One trader said that he saw just one $1 million trade in the notes, at the same 106 level at which they had closed on Tuesday.

"Forest was up yesterday," another trader said of Tuesday's action, "and it seemed like they held their gains in moderate trading today - but there was nothing crazy."

Momentive's downside momentum

A market source noted that the Junkbondland Most Actives List was dominated on Wednesday by Momentive Performance Materials' several issues of bonds, all showing losses in heavy trading.

He saw the heaviest volume in its 8 7/8% notes due 2020, pegging those bonds down 1 point on the day at 104½ bid on volume of over $22 million.

Its 9% notes due 2021 also lost 1 point to finish at 86½ bid, with over $15 million changing hands.
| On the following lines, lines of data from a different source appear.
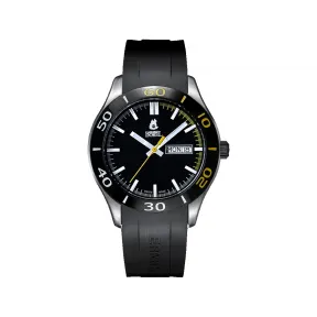 瑞士制造石英机芯。日历显示。周历显示。316L精钢表壳和表带或TPU表带。蓝宝石水晶玻璃表镜。螺纹表冠。100米防水功能。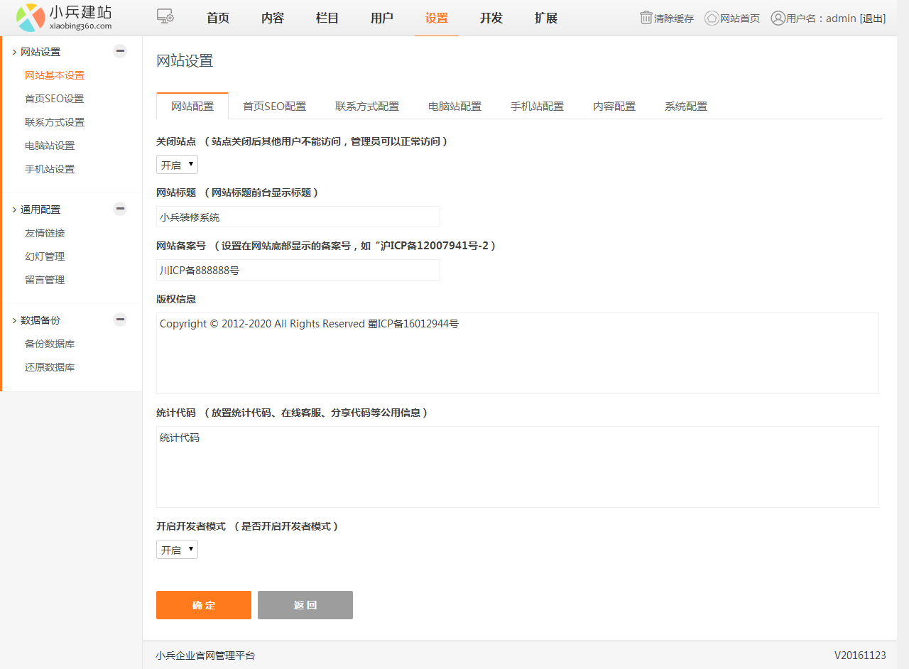 小兵建站装修系统CMS v2.0,国内简单易用的网站管理系统!永久免费开源! 公司研发小兵建站装修系统CMS v2.0(内容管理系统),基于OneThink开源框架,和超过300家以上装修公司进行了深度的合作与需求沟通,经过一年的时间的研发,打造了国内简洁好用、易于操作的网站管理后台。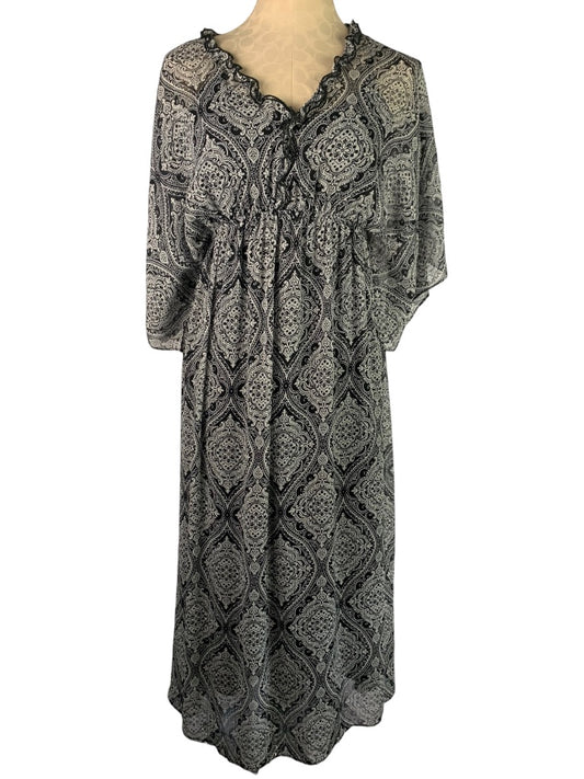 XS Curations 2 Piece Black White Maxi Dress Black Slip Boho Overlay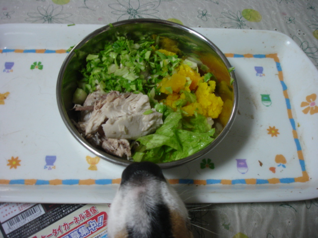 サバの煮汁で作ったおじや。それに、キャベツ、レタス、カボチャのトッピングです。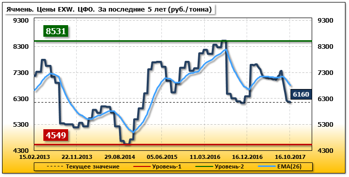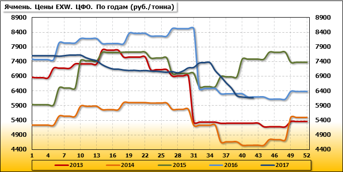 За прошедшую неделю в Центральном федеральном округе внутренние цены ячмень упали на 10 руб./т. и на данный момент составляют 6 160 рублей за тонну.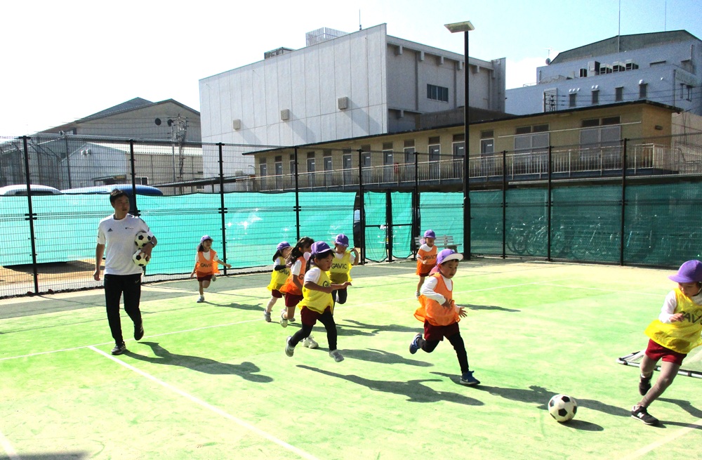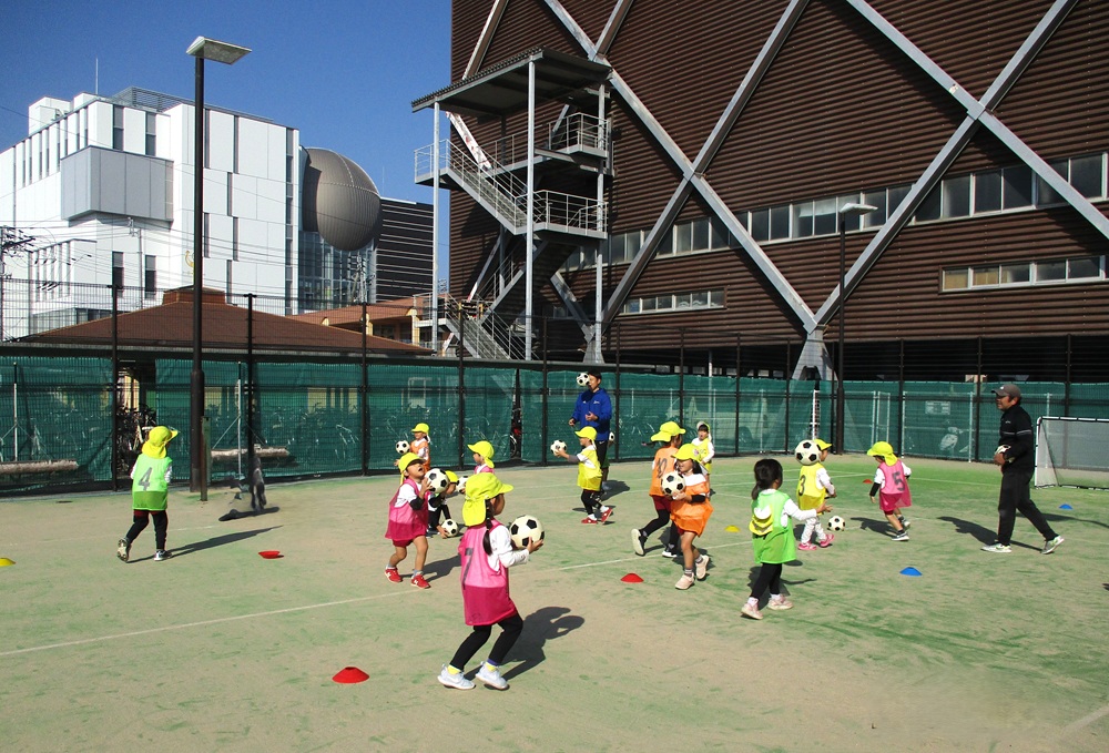 令和7年11月14日(金)香川県サッカー協会より2名の講師を迎え、年中・年長児対象にキッズサッカー巡回指導が行われました。

But by far the biggest loser of the session was Momentive's 11½% notes due 2016, which nosedived some 12½ points to crash-land at 52½ bid on turnover of over $17 million.

The bonds have been falling for over a week, since last Tuesday, when S&P dropped Momentive's credit rating to CCC- and gave it a negative outlook. The agency noted that free cash flow has been negative for nine quarters. In the third quarter alone, the company burned through over $80 million of its cash cushion.

With some $3.3 billion of outstanding debt on Momentive's balance sheet, S&P analysts Cynthia Werneth and Paul Kurias cautioned that "prospects for sufficient improvement to stave off a payment default or debt restructuring within the first three quarters of 2014 are dim."

They added that "we expect the company to continue to generate negative free operating cash flow, causing liquidity to dwindle."

Before that negative news came out, the 11½% notes had been trading around 76 bid, and the 9s were around 93.

Market indicators stay mixed

Apart from such bonds with notable news attached to them as Momentive or the new D.R. Horton issue, traders said that Wednesday's market was extremely quiet.

"What a yawn," one trader exclaimed. Another said that "Yesterday [Tuesday] there was decent activity - but we were dead in the water today."

Yet another theorized that with the market having been closed on Monday, "this week just has that kind of holiday feel to it. You scratch your head, wondering why you're not partaking of that holiday" instead of being at work. "You ask 'how did I get stuck coming in?'"

Statistical junk-market performance indicators were mixed for a second straight session on Wednesday after eight consecutive sessions before that of having been higher.

The Markit Series 21 CDX North American High Yield index lost 15/32 point to end at 107 5/16 bid, 107 7/16 offered, its second loss in a row; the index had eased by 1/32 point on Tuesday.

But the KDP High Yield Daily index posted its ninth consecutive gain, rising by 11 basis points to close at 74.93, after pushing up by 6 bps on Tuesday.

Its yield meanwhile came in for a ninth consecutive session on Wednesday, falling by 4 bps to 5.38% at the close, after declining by 2 bps on Tuesday.

And the widely followed Merrill Lynch High Yield Master II index recorded its 11th straight advance on Wednesday, rising by 0.137%, which followed Tuesday's 0.154% improvement.

The latest advance raised its year-to-date return to 1.895%, its seventh consecutive new high level for 2014. That was up from 1.756% on Tuesday.

The index's yield to worst declined to 5.372% - a new low for the year - from Tuesday's finish at 5.409%. The yield thus surpassed the previous 2014 low of 5.386%, set on Jan.22. The levels were well down from 5.735% on Feb. 4, its peak yield level for the year so far.

Its spread to worst tightened to 409 bps over comparable Treasuries from 414 bps on Tuesday. Those spreads remained in from Feb. 4th's 444 bps, the wide point for the year so far, although they also were up from the tight spread for the year, 398 bps, recorded on Jan. 22.